Then, the coincidence degree between the video frame set corresponding to the target matching result with the largest weighted average value and the video frame set corresponding to each matching result in the other matching result subsets is calculated to obtain a second coincidence degree set, for example, the second coincidence degree set is finally obtained

If the value of (3) is the maximum value, the probability that S1 is one of the main expression contents of the target video is considered to be the maximum value, and the second overlap ratio set can be obtained by the overlap ratio between the video frame set corresponding to S1 and the video frame sets of other objects. The above-mentioned method for calculating the contact ratio has been described in detail, and is not described herein in detail.

Finally, after the second coincidence degree set is obtained, the coincidence degree with the minimum coincidence degree value in the second target coincidence degrees can be selected as the second target coincidence degree, a second keyword set corresponding to the second target coincidence degree is determined, and then the video title of the target video can be generated according to the second keyword set.

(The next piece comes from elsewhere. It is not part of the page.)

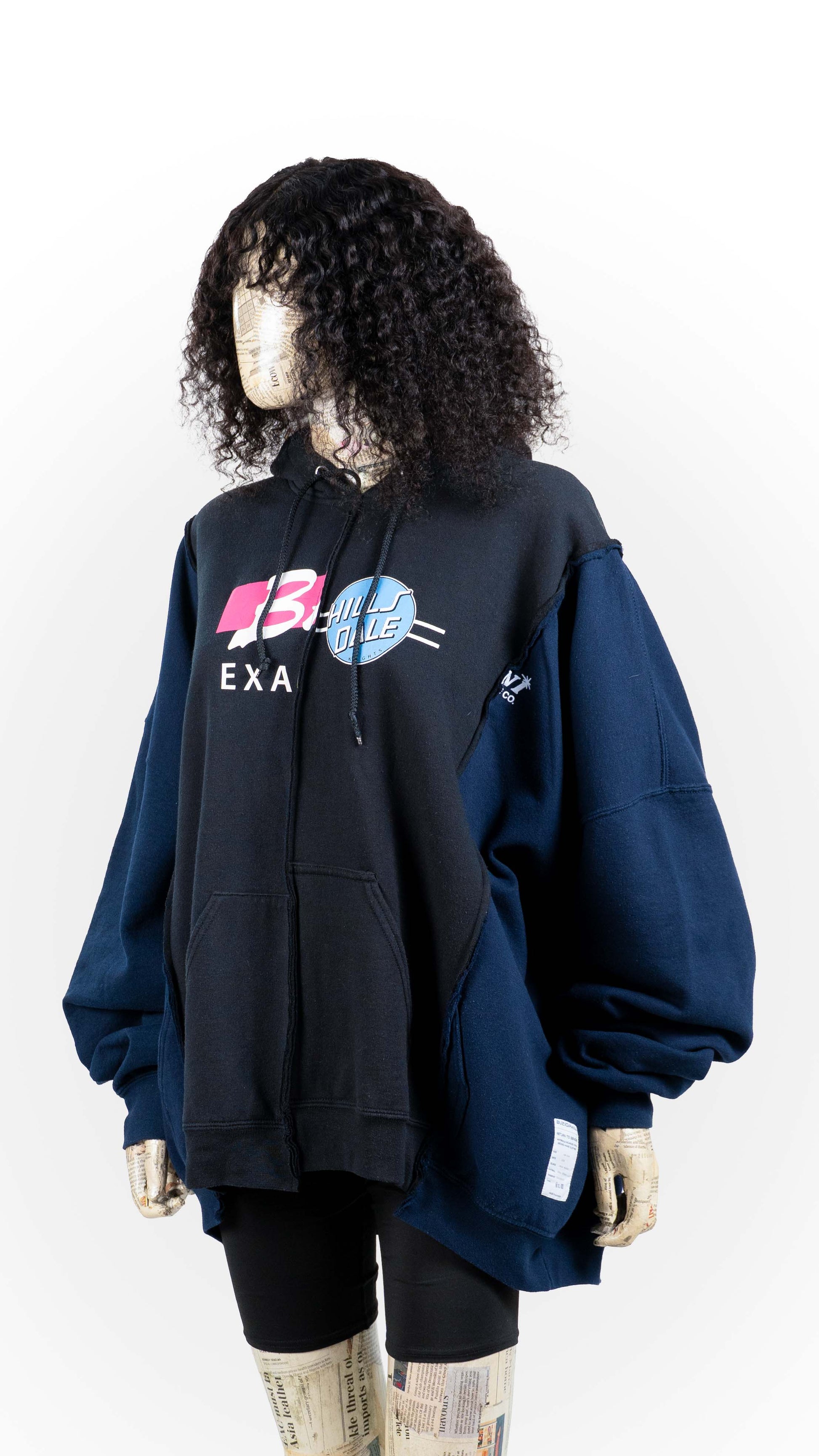 This classic RETURN TO SENDER piece is back due to popular demand. Panels from four sweatshirts are joined to make one oversized hoodie with raw inside-out seams.
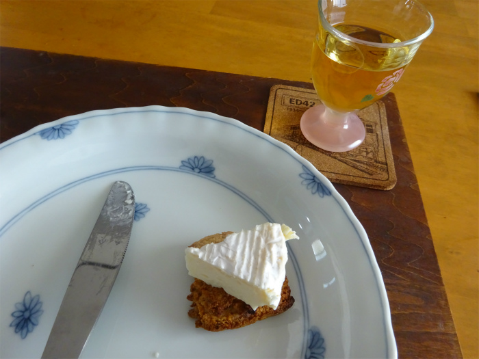 つまみは自分で焼いた全粒粉のクラッカーにカマンベールチーズをのせました。

In one embodiment, if H_gAnd N_g,A_g,O_g,S_gThe set matching has no result, that is, the result object analyzed by the target video has no intersection with the hot word in the previous period, and the video title generation device can generate the video title of the target video in the following manner:

In this embodiment, if each keyword in the keyword set is not successfully matched with the first set, the second set, the third set, and the fourth set, it is determined that a video frame set corresponding to the first set, a video frame set corresponding to the second set, a video frame set corresponding to the third set, and a video frame set corresponding to the fourth set in the target video are present, the video frames in the target video may be traversed, a video frame set corresponding to the first set in the target video may be found, a video frame set corresponding to the second set in the target video, a video frame set corresponding to the third set in the target video, a video frame set corresponding to the fourth set in the target video, a coincidence degree between any two video frame sets in each video frame set may be calculated, a third coincidence degree set may be obtained, the calculation manner of the coincidence degree has been described in detail, and will not be described herein in detail.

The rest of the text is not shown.